Drawing is an outrageously broad activity. In Western culture (and that is my 'mother tongue') we draw for many reasons - to aid in the design or construction process, to communicate an idea or tell a story, to map a terrain, poke fun, to share something from our imagination, to express something personal, to show how we expect something to look in the future or how it looked in the past, or purely for the sake of drawing. We draw before we write, and only some of us draw into old age.
Drawing is often thought of as an activity available only to a particular group 'talented' people. Yet drawing is an accessible medium that can be beneficial for pretty much everyone.

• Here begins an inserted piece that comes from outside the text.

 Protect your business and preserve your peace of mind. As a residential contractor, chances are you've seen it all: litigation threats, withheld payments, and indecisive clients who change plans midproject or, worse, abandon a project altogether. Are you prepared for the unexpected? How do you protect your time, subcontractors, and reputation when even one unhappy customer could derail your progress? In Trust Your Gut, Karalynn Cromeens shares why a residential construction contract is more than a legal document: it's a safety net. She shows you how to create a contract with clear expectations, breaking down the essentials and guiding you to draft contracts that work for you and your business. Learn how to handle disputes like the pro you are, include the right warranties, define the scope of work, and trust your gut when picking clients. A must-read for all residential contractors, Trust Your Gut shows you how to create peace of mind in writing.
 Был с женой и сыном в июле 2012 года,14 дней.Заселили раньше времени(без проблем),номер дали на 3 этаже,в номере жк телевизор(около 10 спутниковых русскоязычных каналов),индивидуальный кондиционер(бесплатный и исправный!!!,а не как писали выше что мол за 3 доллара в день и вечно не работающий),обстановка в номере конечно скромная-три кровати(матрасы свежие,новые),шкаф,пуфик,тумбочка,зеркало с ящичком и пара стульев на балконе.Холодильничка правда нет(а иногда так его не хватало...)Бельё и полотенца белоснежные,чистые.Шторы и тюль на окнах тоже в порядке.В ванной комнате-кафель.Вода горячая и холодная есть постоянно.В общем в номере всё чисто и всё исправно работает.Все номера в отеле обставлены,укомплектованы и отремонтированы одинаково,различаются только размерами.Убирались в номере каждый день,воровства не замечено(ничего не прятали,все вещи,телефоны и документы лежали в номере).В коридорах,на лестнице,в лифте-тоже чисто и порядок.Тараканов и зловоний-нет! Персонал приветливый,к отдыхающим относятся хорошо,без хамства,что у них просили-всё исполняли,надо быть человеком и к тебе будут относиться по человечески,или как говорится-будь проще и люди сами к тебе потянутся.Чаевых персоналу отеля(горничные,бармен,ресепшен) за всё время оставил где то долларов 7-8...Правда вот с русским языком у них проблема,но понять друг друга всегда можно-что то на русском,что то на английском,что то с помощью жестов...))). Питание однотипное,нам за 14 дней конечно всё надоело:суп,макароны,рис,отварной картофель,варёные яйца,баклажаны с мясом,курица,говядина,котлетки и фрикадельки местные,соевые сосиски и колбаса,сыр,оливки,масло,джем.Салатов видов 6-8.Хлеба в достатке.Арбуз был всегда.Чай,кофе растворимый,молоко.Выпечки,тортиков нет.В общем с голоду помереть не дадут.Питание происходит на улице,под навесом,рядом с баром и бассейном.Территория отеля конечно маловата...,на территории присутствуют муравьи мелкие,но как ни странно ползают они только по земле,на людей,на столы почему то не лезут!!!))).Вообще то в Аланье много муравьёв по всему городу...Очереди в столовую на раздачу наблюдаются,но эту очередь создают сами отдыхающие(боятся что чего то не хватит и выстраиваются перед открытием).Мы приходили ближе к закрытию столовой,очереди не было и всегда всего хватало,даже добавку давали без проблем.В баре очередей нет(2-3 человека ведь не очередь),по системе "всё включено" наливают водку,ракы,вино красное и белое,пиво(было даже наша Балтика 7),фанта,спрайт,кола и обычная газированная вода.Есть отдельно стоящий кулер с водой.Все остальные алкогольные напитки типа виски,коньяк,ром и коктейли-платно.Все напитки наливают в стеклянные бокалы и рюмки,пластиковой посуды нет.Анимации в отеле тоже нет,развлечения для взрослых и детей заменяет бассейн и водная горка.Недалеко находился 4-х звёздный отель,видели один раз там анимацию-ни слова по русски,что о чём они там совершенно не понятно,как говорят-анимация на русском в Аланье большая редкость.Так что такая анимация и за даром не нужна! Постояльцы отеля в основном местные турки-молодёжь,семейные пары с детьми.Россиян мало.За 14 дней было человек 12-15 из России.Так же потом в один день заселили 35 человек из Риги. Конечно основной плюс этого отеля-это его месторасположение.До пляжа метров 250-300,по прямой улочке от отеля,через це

John Ruskin believed that drawing from Nature allowed us a connection that made us better people. The UK based Campaign for Drawing promotes 'drawing to learn rather than learning to draw' thanks to Ruskin's ideas. This philosophy helps the tentative drawer move past the idea of drawing as a holy activity only accessible to the minority. And drawing from Nature allows us a more contemplative approach to the world... a kind of meditation.
The very general skill of observational drawing is available to anyone who can see and respond with mark making. How much that skill is honed depends on the objectives (and the tenacity) of the individual. Practice, as in any discipline will make all the difference - so draw, and draw regularly.
One way to start is by finding contour lines that follow the shape of an object. Catch something with a line. Then move onto finding the major lines that run through an object - consider what the subject is doing, not only how it appears. And look, look and look some more. Careful rendering of tone will give your drawing the illusion of volume...
There are many approaches to observational drawing, yet the main ingredient is always the observation which allows us to see in a way that goes beyond everyday perception. And that is where you will find the joy.